The problem I blogged about in this post - that no two aggregated thefts are alike and therefore it might be difficult to determine whether different patterns of aggregation are based on the facts of the case or inconsistent application of policy - is far less of a problem in cases where the state seeks to upward depart.

The range of non-trivial reasons to upward depart is much more narrow. If the state seeks to upward depart based on "persistent involvement based on same or similar criminal activity," it is not difficult to compare your client's criminal history with those defendants with worse criminal histories against whom the state did not seek to depart upwardly. Even easier, "on supervision." I'm sure there are many defendants who were on some sort of supervised release against whom the state did not give notice, which means the state needs to articulate some other policy basis for the inconsistent application or it's an equal privileges violation. More amorphous departure factors, such as "harm substantially greater than typical," are easier to place on a spectrum of similar crimes and similar harms - for the purposes of comparison - than aggregation of thefts.

The first step is to get a copy of the DA's policy on upward departure. You really should start thinking about getting it the moment you get a notice from the DA's office, just in case there's a fight over obtaining the policy. You do not want to be fighting over the existence of a policy in the last day or two before getting ready for trial. And it may turn out to be quite easy. Call up the prosecutor and ask. Or, if necessary, get permission for a pre-trial subpoena. Or use a freedom of information request. The bottom line is, just get it. And if you are stymied every step of the way, just file the equal privileges challenge and subpoena the DA to the hearing. If you've got a big enough office where you receive upward departure notices routinely, eventually even the most obstinant DA will just turn over the policy rather than be subjected to a variety of cross-examinations.
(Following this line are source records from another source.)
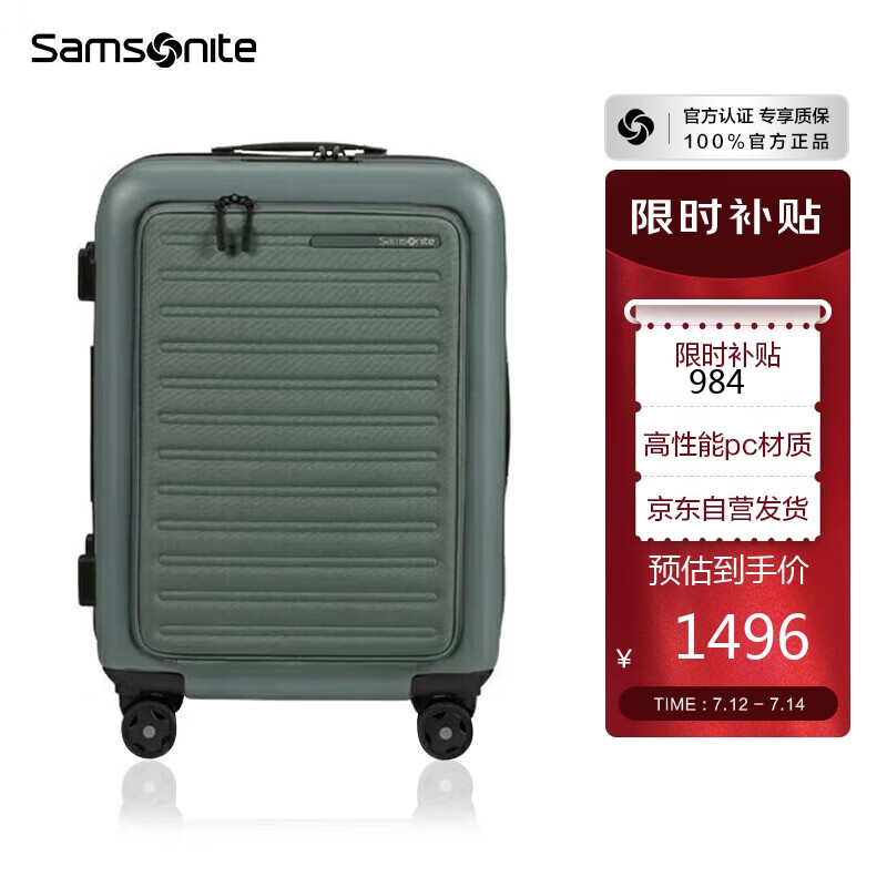新秀丽(Samsonite)行李箱欧洲设计万向轮拉杆箱前开口登机箱KF1*14005森林绿20英寸价格:1742.00元!
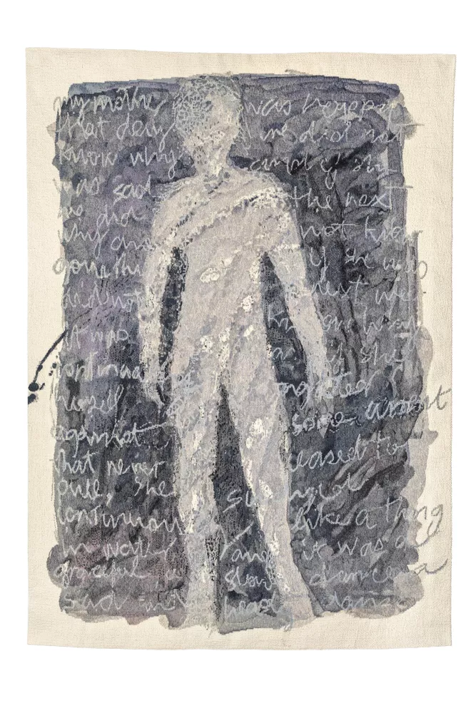 In the 1990s, developed a particular interest in mother/daughter relationships. The figure in Daughter is based on a photograph taken by Lawrence of her daughter Ellie. In the tapestry this image, after being adapted into a drawing, is transformed into a much more general figure, which looms life-size through a background of text. The text is not especially easy to read and forms as much as a pattern as providing verbal clues to the work. The text is from the novel Housekeeping by Marilynne Robinson and reads as follows:
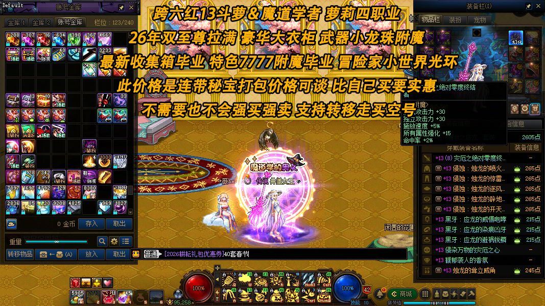 【跨六红13斗萝&魔道学者】【26年双至尊拉满 大衣柜】萝莉四职业 冒险家小世界光环 首列多角色龙武已全部毕业 武器小龙珠附魔 最新收集箱毕业 特色7777附魔毕业 龙武毕业等 豪华经典衣柜 高颜值女角色连体(此价格是连带秘宝打包价格可谈 比自己买要实惠 不需要也不会强买强卖 支持转移走买空号)【斗萝】【魔道】【暗帝】【刃影】【奶萝】【旅人】【召唤】等热门职业【春节礼包已全部拉满】【取景地 DNF中央公园】【超高信誉分】
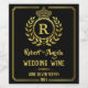 Serve your wedding guests in style with these custom, royalty-inspired wine labels. Designed in black and faux gold, the design includes a geometric frame in classy Art Deco style with an elegant laurel wreath and crown motif. Your personalised monogram letter fills the centre, along with more text of your choosing. You can also "customise" to alter the design or change the background colour to another shade.
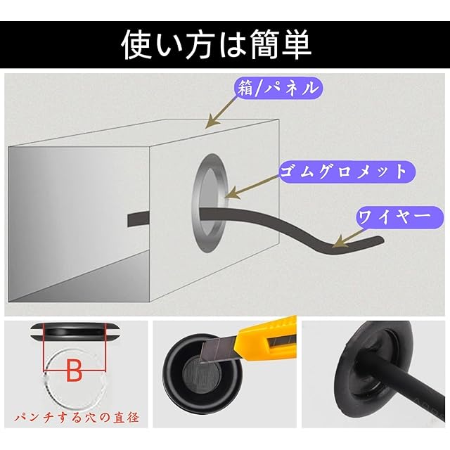 【穴調整可能】グロメットは、コードを締めたり緩めたりするさまざまな直径を提供します。必要に応じて中央に穴を開けてください。あらかじめ作られたスロットで、穴を開けるのは簡単です
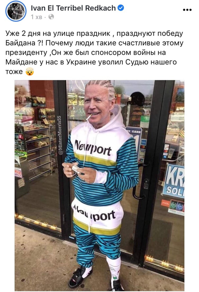 «Уже 2 дні на вулиці свято, святкують перемогу Байдена ?! Чому люди так щасливі цьому президенту? Він же був спонсором війни на Майдані у нас в Україні, також звільнив нашого суддю», - написав Іван Редкач.[media=80408]
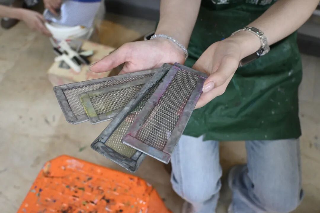 在非遗传承人周琴娥的指导下,成员们体验了关键工序“刷花”。首次接触的成员们深切体会到这道工序的精细——四人接力完成的“三潭映月”刷花作品虽有小瑕疵,却让团队切身体会到“毫厘之间见匠心”的非遗温度。次日,当他们在青山村工坊见到完整成品时,不由感叹:“那些毫厘的累积,才成就了眼前这把伞的诗意。”
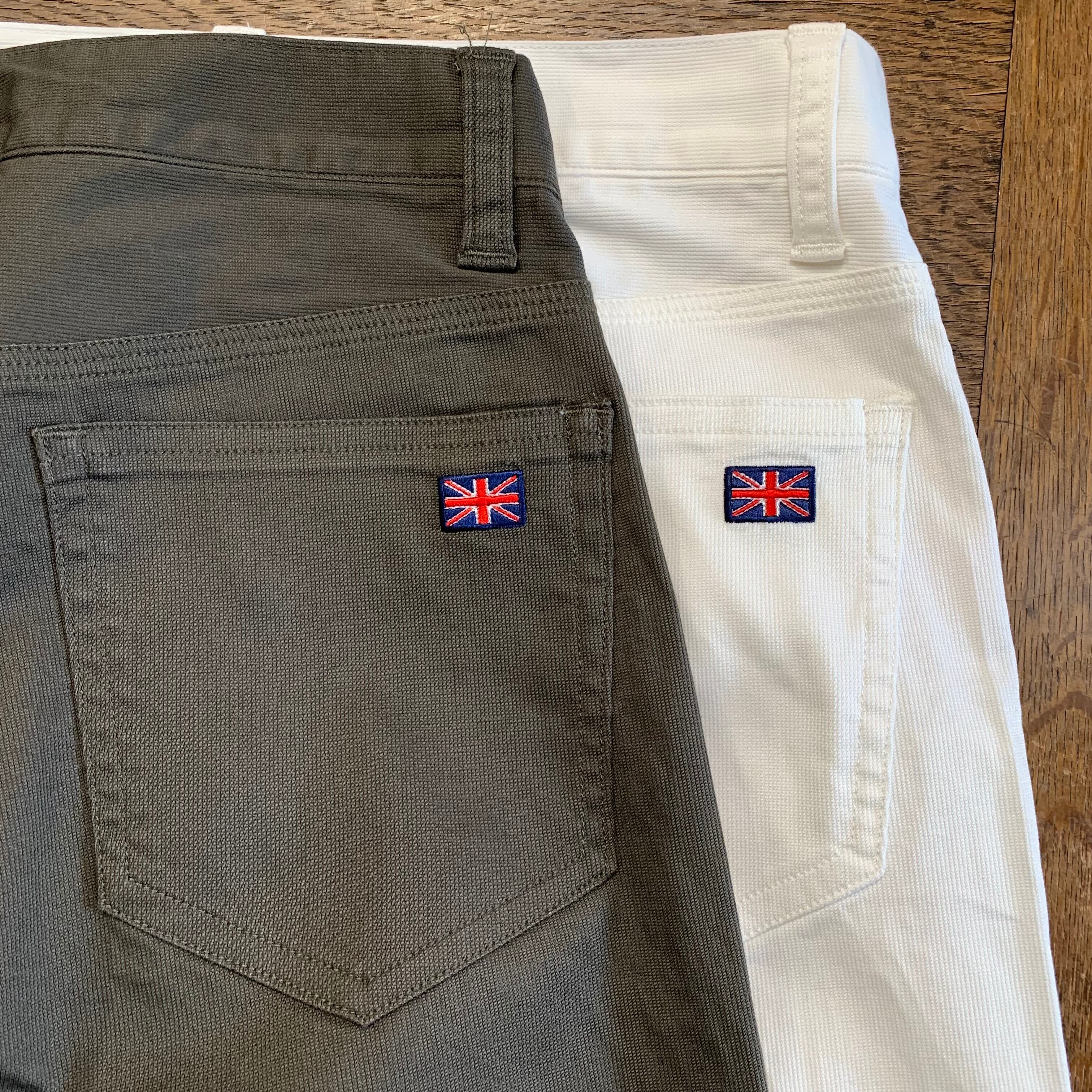 左後ろにDカンのアクセント、右バックポケットにユニオンジャックのワンポイント刺繍入り。
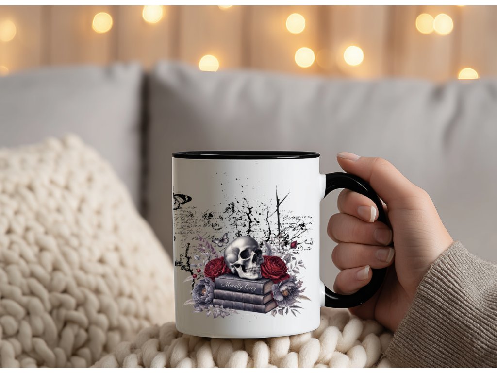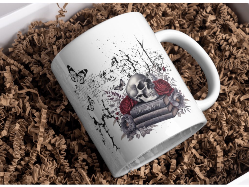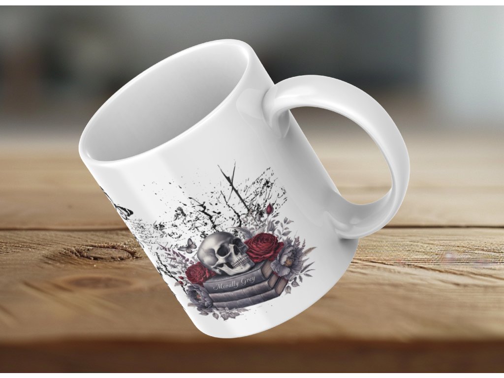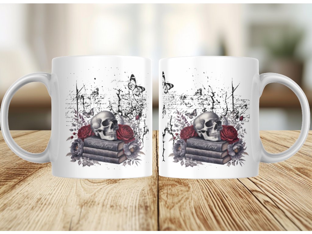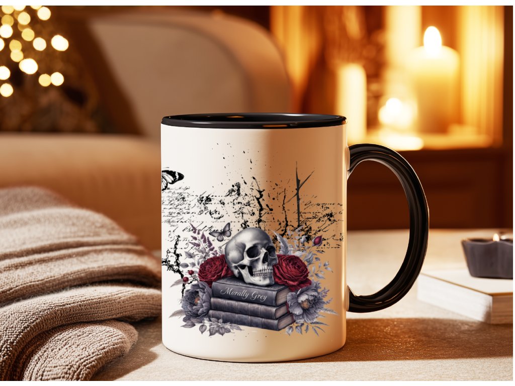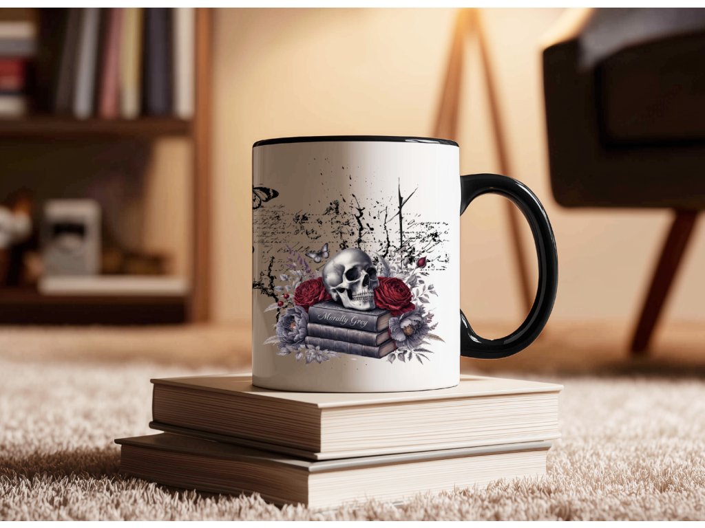 Dark romance hrnek Morally Grey ☠️📚🖤 – lebka, růže a knihy pro všechny knihomoly se slabostí pro „morally grey“ postavy. Ve 2 barevných variantách

But I have confidence that most offices will be reasonable and would be happy to provide any written policy - or an affidavit describing the unwritten policy - if approached professionally.

Once you have that policy, then you need to find cases of inconsistent application. How you do this will depend on a number of factors - not least of which is the size of the office in which you work - but other defense lawyers have an incentive to cooperate and share the notices they've received (or haven't received) in similar (though preferably closed) cases.

Of course, if the state isn't threatening any of your clients with upward departures, then you're quite justified in keeping veddy, veddy quiet.